● **Your instructions**:
A line below contains "These favor boxes", and a later one contains "-. Feature : Satin". Repeat both, with every line between them, exactly.

● **Data**:

>>>

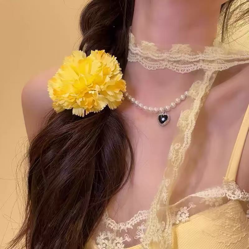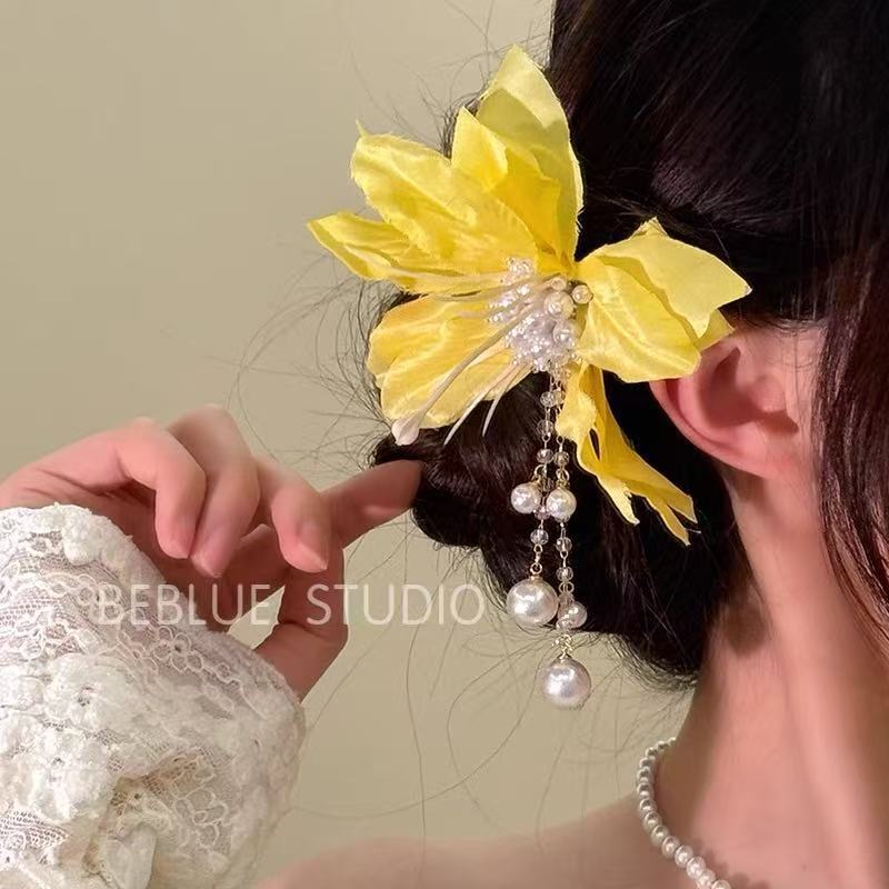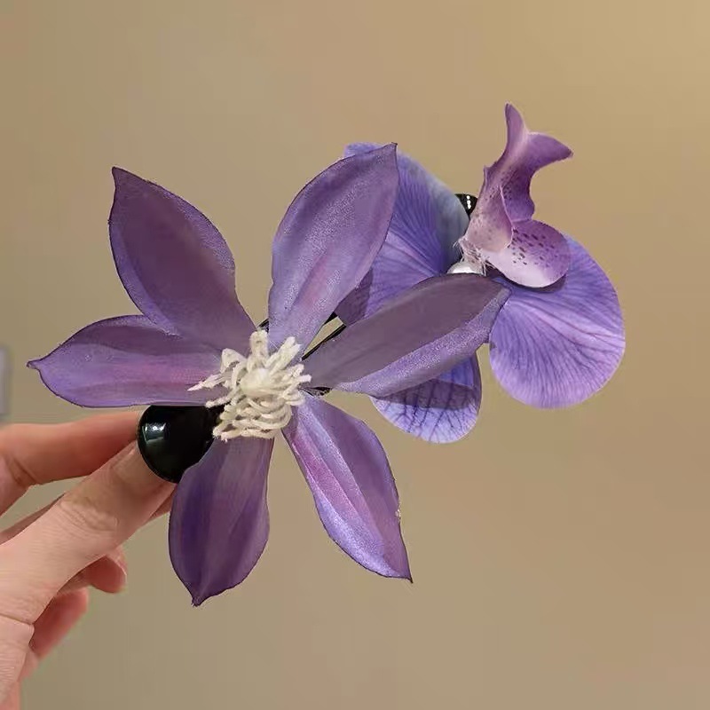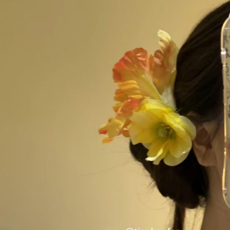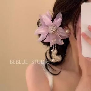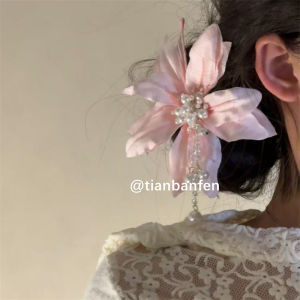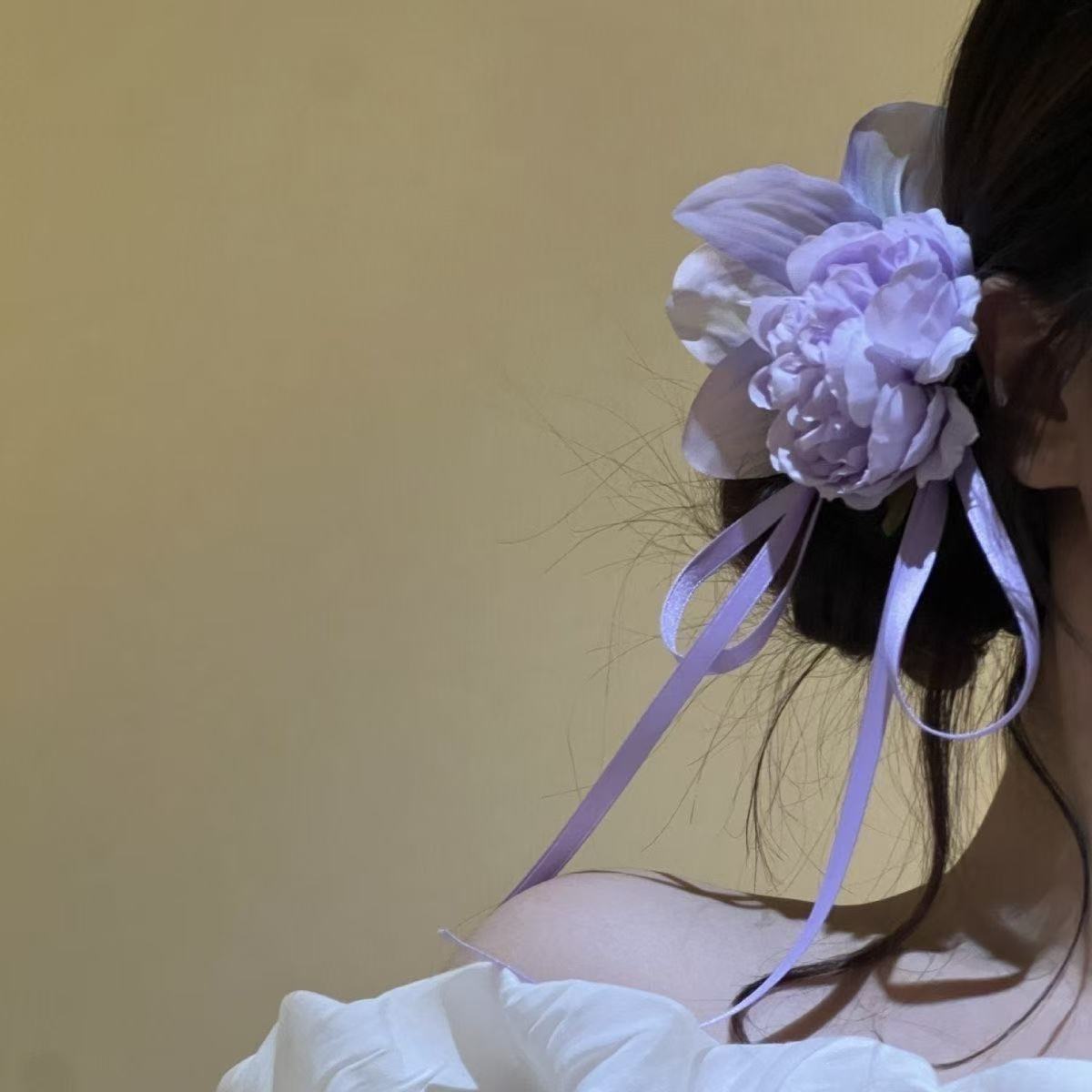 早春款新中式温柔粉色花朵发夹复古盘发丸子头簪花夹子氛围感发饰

<<<
>>>

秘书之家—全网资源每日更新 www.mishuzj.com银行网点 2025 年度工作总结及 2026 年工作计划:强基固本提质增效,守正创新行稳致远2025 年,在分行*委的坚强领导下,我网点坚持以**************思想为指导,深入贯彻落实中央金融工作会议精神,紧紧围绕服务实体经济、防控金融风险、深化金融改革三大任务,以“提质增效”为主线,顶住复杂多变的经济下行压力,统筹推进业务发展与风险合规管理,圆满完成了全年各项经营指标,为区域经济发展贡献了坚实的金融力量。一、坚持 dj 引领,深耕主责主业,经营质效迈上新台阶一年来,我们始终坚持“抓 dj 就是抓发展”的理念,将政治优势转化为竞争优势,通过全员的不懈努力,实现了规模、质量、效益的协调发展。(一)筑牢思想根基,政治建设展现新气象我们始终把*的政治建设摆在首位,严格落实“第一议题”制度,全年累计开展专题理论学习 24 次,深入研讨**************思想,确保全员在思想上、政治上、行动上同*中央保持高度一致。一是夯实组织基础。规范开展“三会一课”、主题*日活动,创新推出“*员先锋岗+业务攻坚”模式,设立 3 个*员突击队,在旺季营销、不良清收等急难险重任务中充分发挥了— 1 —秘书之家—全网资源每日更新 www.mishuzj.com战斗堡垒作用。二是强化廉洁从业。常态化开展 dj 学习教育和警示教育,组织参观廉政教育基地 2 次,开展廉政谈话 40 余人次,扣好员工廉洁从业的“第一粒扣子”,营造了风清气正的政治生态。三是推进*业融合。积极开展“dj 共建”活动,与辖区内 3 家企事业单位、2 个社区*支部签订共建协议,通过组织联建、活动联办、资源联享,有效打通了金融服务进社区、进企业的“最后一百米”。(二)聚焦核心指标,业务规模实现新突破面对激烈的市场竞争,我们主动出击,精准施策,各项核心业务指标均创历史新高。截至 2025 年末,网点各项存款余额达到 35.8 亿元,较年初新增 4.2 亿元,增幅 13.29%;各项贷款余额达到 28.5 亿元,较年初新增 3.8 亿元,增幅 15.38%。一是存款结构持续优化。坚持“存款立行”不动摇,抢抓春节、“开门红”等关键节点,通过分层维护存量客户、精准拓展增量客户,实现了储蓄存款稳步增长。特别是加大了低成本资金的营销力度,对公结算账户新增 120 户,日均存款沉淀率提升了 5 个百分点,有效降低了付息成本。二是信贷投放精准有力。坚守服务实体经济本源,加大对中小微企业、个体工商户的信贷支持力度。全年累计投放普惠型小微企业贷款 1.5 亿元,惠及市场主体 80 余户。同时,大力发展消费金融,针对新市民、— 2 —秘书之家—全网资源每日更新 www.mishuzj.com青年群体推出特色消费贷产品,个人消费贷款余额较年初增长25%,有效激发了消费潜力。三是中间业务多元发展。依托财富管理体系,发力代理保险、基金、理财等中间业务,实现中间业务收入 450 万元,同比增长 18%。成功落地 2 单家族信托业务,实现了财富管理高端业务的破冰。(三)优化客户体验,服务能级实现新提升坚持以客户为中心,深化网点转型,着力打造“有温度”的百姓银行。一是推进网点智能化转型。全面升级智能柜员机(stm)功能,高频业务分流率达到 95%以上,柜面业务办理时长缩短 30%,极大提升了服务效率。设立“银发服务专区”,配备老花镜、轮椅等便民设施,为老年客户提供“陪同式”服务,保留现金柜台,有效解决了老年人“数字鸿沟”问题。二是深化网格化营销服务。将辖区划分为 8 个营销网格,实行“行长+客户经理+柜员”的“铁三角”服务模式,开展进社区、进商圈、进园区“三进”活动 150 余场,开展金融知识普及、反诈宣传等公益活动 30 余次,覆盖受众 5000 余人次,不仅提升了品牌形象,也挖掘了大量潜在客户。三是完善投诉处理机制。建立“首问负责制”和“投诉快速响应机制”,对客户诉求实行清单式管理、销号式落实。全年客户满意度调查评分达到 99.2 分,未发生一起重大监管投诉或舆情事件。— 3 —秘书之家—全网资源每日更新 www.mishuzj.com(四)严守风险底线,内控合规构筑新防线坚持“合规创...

<<<
>>>

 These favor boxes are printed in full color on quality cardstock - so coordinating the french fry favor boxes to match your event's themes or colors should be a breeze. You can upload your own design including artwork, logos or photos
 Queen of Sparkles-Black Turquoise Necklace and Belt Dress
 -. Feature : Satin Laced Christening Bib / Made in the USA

<<<

● **Reply to the exercise**:
 These favor boxes are printed in full color on quality cardstock - so coordinating the french fry favor boxes to match your event's themes or colors should be a breeze. You can upload your own design including artwork, logos or photos
 Queen of Sparkles-Black Turquoise Necklace and Belt Dress
 -. Feature : Satin Laced Christening Bib / Made in the USA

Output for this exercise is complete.